DATA TO PROCESS:
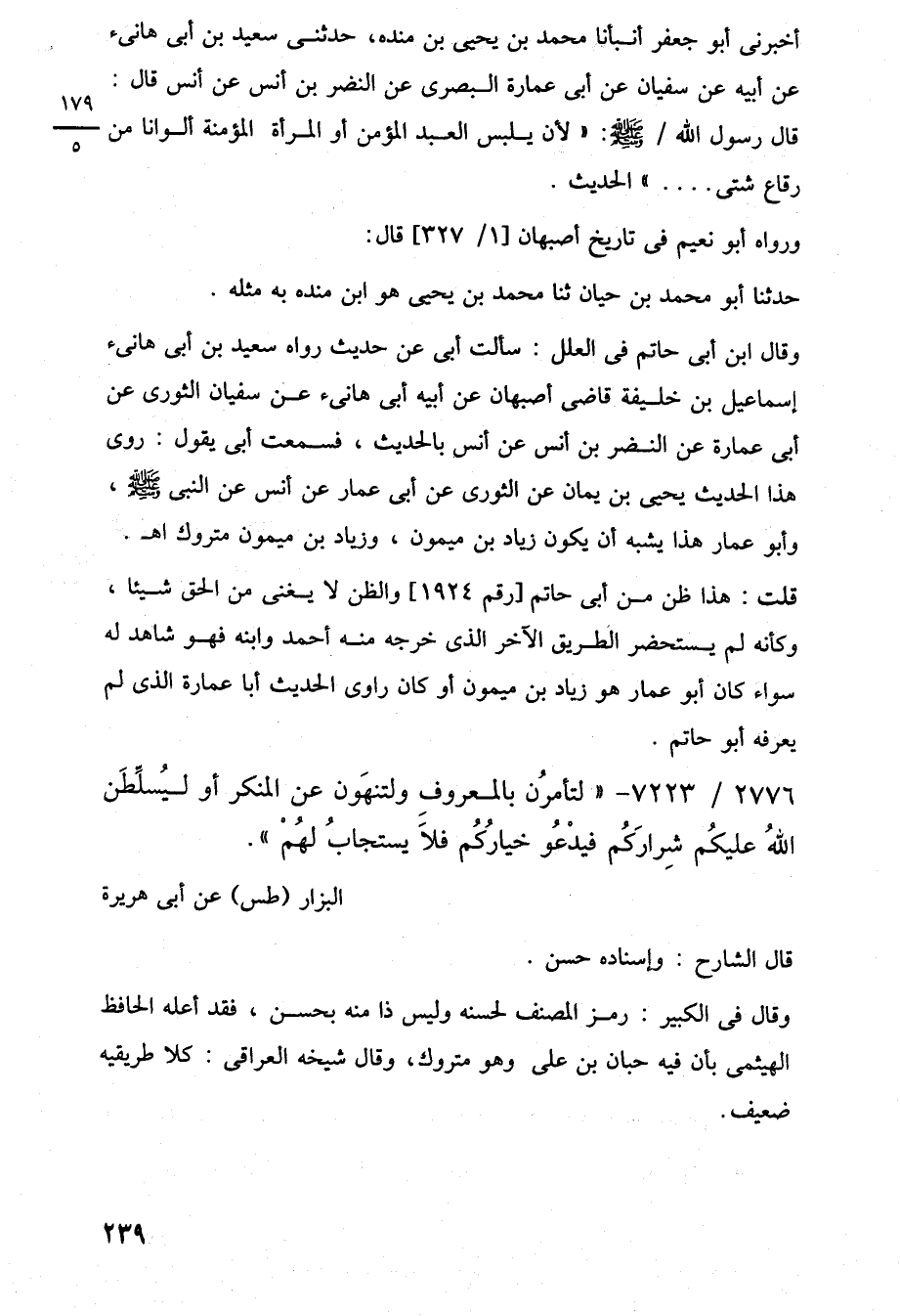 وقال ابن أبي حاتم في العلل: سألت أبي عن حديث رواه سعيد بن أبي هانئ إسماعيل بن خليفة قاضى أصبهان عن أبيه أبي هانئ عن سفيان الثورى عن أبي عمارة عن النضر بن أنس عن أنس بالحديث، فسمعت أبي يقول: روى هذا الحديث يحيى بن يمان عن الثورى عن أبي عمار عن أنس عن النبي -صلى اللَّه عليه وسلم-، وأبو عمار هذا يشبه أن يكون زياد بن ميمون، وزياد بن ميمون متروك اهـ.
---
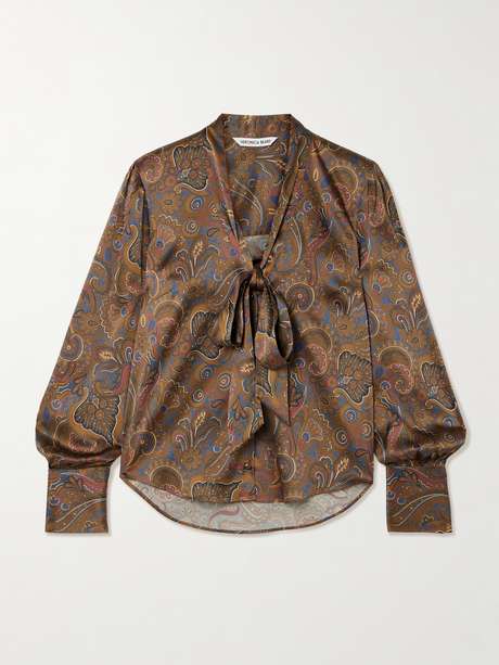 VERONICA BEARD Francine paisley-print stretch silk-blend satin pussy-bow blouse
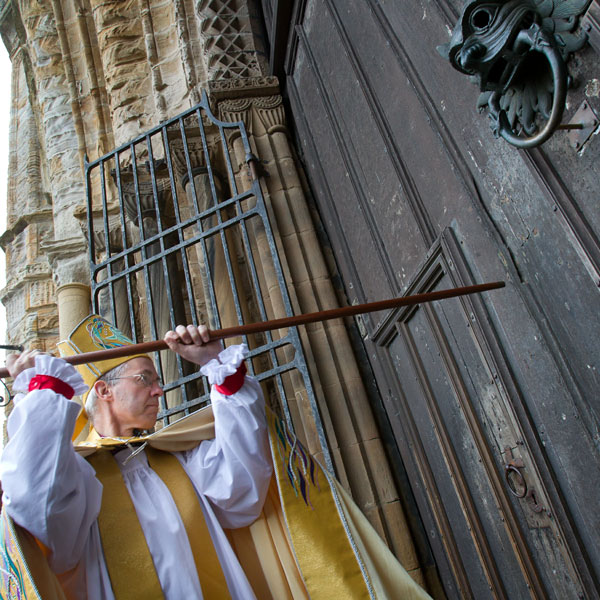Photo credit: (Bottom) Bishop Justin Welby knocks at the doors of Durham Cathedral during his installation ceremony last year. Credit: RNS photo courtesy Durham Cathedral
==
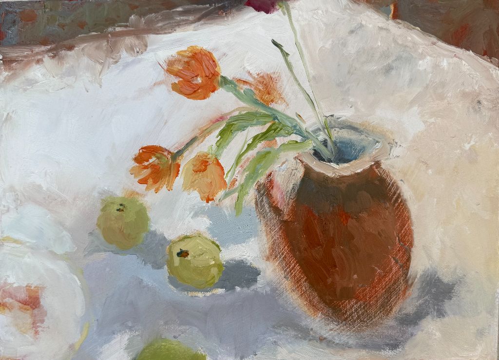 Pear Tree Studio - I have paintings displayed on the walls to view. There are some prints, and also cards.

EXERCISE GOAL: Write out, word for word, the stretch of entries that begins at the line with "VERONICA BEARD Francine" and ends at the line with "Photo credit: (Bottom)". Pictures do not belong in it.

OUTPUT BELOW:
 VERONICA BEARD Francine paisley-print stretch silk-blend satin pussy-bow blouse
Photo credit: (Bottom) Bishop Justin Welby knocks at the doors of Durham Cathedral during his installation ceremony last year. Credit: RNS photo courtesy Durham Cathedral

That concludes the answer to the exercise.